From that day on, I have delved deep into the details of my life, filling them with things that make me happy.  I learned that following spiritual promptings is always a good idea, no matter how wild they may seem.  I learned that any amount of beauty can fill up a space, and make my heart happier.  I learned that a shortage of money only meant an abundance of creativity – and that often where you find simplicity, there too you will find happiness.  There was simply no excuse to not create a happy life.  And that’s exactly what I planned -and still plan- to do.

If I could share the one secret to a happy life, it would be this.  I’m so thankful that the Lord brought this knowledge to my life, and that I have a partner who trusts the inspiration I receive for our home and family.

Mr. Miller said to me recently as we drove home from our weekend trip to our trailer on the mountain, “Most of the inspiration for our family comes to you, I’m just here to help make your vision come to life.” and my heart filled right to the tippy top – because I know that the Lord is guiding us, and me as a mother to this family.  He knows my deepest desire to create a good, happy, beautiful life for my family and He is so faithful.  Always there helping guide me.  As the years tick by, we are doing just what we set out to do.

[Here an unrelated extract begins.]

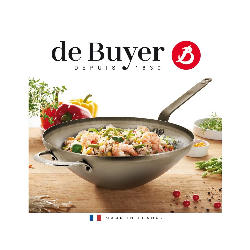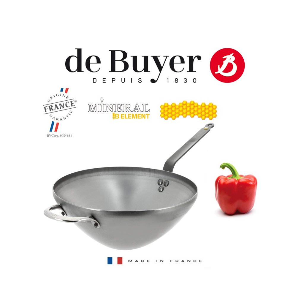 Wok MINERAL B 32 cm, cu fund plat, oțel, de Buyer

Our life doesn’t come without the stresses and obligations everyone’s life has – but we chase after that light, we chase after the things that will make us happy – big or small.  We have come to learn the things that bring forth the fruit of a good life, and we go for those things.

“We believe all things, we hope all things, we have endured many things, and hope to be able to endure all things. If there is anything virtuous, lovely, or of good report or praiseworthy, we seek after these things.” – LDS Article of Faith 13 (my favorite AOF)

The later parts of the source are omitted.